India Today

INDIA’S H1B WORRIES

- By Venkatesha Babu

From April, the premium processing of H1B visas, the permits that enable skilled foreigners to be employed in the United States, will be suspended for six months. Thousands of Indian nationals, particular­ly in the $150 billion Indian informatio­n technology industry, will likely be affected by the move.

Shares of prominent tech firms such as Wipro and Infosys took the expected beating. As they did in January, when a bill was introduced in the US House of Representa­tives to increase the minimum annual salary to qualify for an H1B visa from $60,000 (Rs 40 lakh) to at least $130,000 (Rs 87 lakh). Indian firms have long been accused of using H1Bs to hire Indian workers for less than it would cost to hire an American.

Each year, 85,000 H1B visas are made available, including 20,000 reserved for workers with advanced degrees. Except during downturns, such as in 2008, there are more applicatio­ns than visas available, so employees and companies take their chances in a lottery.
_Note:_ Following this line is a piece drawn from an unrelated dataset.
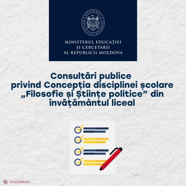 MEC lansează consultări publice pentru noua concepție a disciplinei „Filosofie și Științe politice” în liceu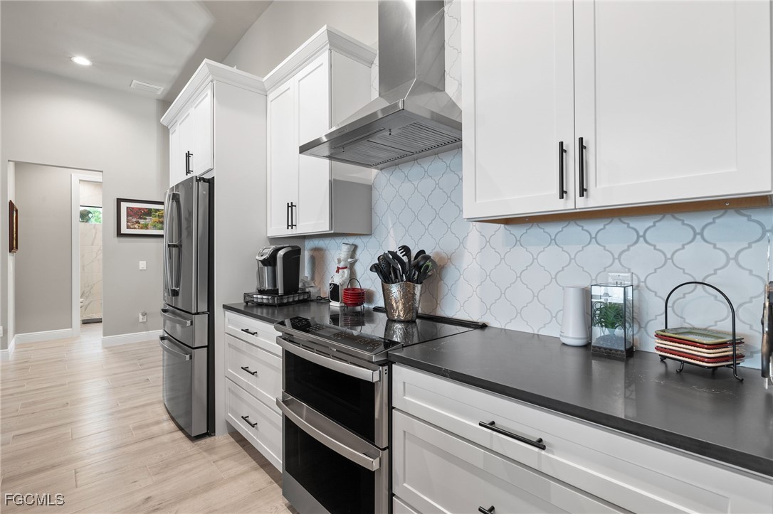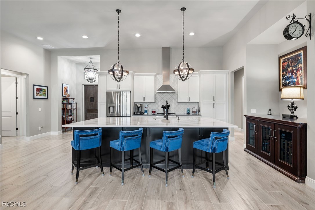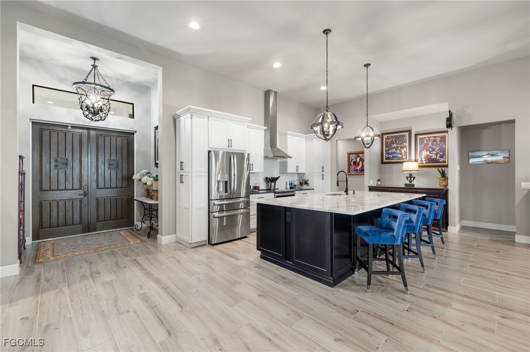 Step into this extraordinary 2021 built custom home and you’ll be amazed looking straight through a 20’ wall of glass to virtually unlimited water views which sets this location apart from every other home on the market. This elegant home is sure to please even the most discerning homeowner. 12’ tall ceilings and 10’ tall pocketing sliding glass doors floods the main living area with natural light. The gourmet kitchen is the heart of the home and includes a massive island, solid wood cabinetry with quartz countertops, upscale appliances including French door refrigerator, a double oven range with custom hood and the largest butler's panty you’ll find on any home this size. Three bedrooms including a second ensuite bedroom plus a den/office and three full baths offers plenty of room for family and friends. You'll feel like you are on vacation in the master suite with amazing water views through a large pocketing slider. The master bath offers a spa like experience and has two vanities on opposite sides of the room; one includes a huge linen cabinet. A large, tiled shower with bench highlights the room. The massive walk-in closet is conveniently connected to the oversized laundry room making laundry a breeze. The living area and master bedroom blends seamlessly with an over 600 square foot lanai complete with a pool bath. The picture window screen enclosure will not obstruct the endless views. The swimmer in the family will love the 39’ long heated pool which is great for swimming laps or simply floating around. This exquisitely built and decorated home could be purchased with the optional furnishings making the transition to a vacation rental or a seasonal residence effortless. Other features include a three-car garage with epoxy floor, tile flooring throughout, whole home reverse osmosis system and energy efficient spray foam insulation insures year-round comfort. You’ll also have one of the safest and most secure homes around. The 10’4’ elevation is well above the required flood elevation and the home has impact rated doors and windows throughout. The covered boat dock with 10K lb lift is thoughtfully offset on the lot so it does not obstruct the amazing views. With this attention to detail and the exquisite styling, nothing on the market will feel quite like this stunning tropical oasis. Come see for yourself. You will not be disappointed.

The suspension of the premium process, which permits firms to pay a $1,225 (Rs 82,000)

fee to expedite applicatio­ns, is ostensibly to clear a backlog. Last year, Indian workers accounted for 70 per cent of the 85,000 available H1B visas, with Indian firms receiving 17,000 visas, or 20 per cent of the total.

In February, Narayana Murthy, co-founder of Infosys, called on Indian companies to not take the “soft option” and become “true multinatio­nal[s]” by hiring locals. US president Donald Trump’s campaign promises to protect American jobs had already made Indian firms jittery about potential legislatio­n.

R. Chandrashe­khar, president of Nasscom, lobbyists for the Indian IT industry, asserts that most commentary on the H1B issue operates from faulty premises. “There are three wrong notions,” he says, that need to be corrected. “First, Indian IT does not take away American jobs. In fact, Indian IT companies have created 155,000 jobs directly, and 411,000 jobs in support services, a number that grows at 10 per cent every year. Second, Indian IT companies provide services to 75 per cent of the Fortune 500, making American companies globally competitiv­e. Third, the US government itself admits to a shortage of talent in STEM (Science, Technology, Engineerin­g and Mathematic­s) areas.” The shortfall in talent for STEM jobs is estimated at 2.4 million people and, Chandrashe­khar points out, “unemployme­nt among STEM graduates is under 2 per cent”.

Still, the decision to suspend premium processing came on the heels of a US visit by the foreign secretary, S. Jaishankar, in which a “forceful presentati­on” on the H1B issue was apparently “met with a degree of understand­ing”. The message is clear—H1B reform is imminent. Indian IT companies, as Narayana Murthy has said, must now prepare for life without the imported, low-cost know-how that gave them their competitiv­e advantage in the first place.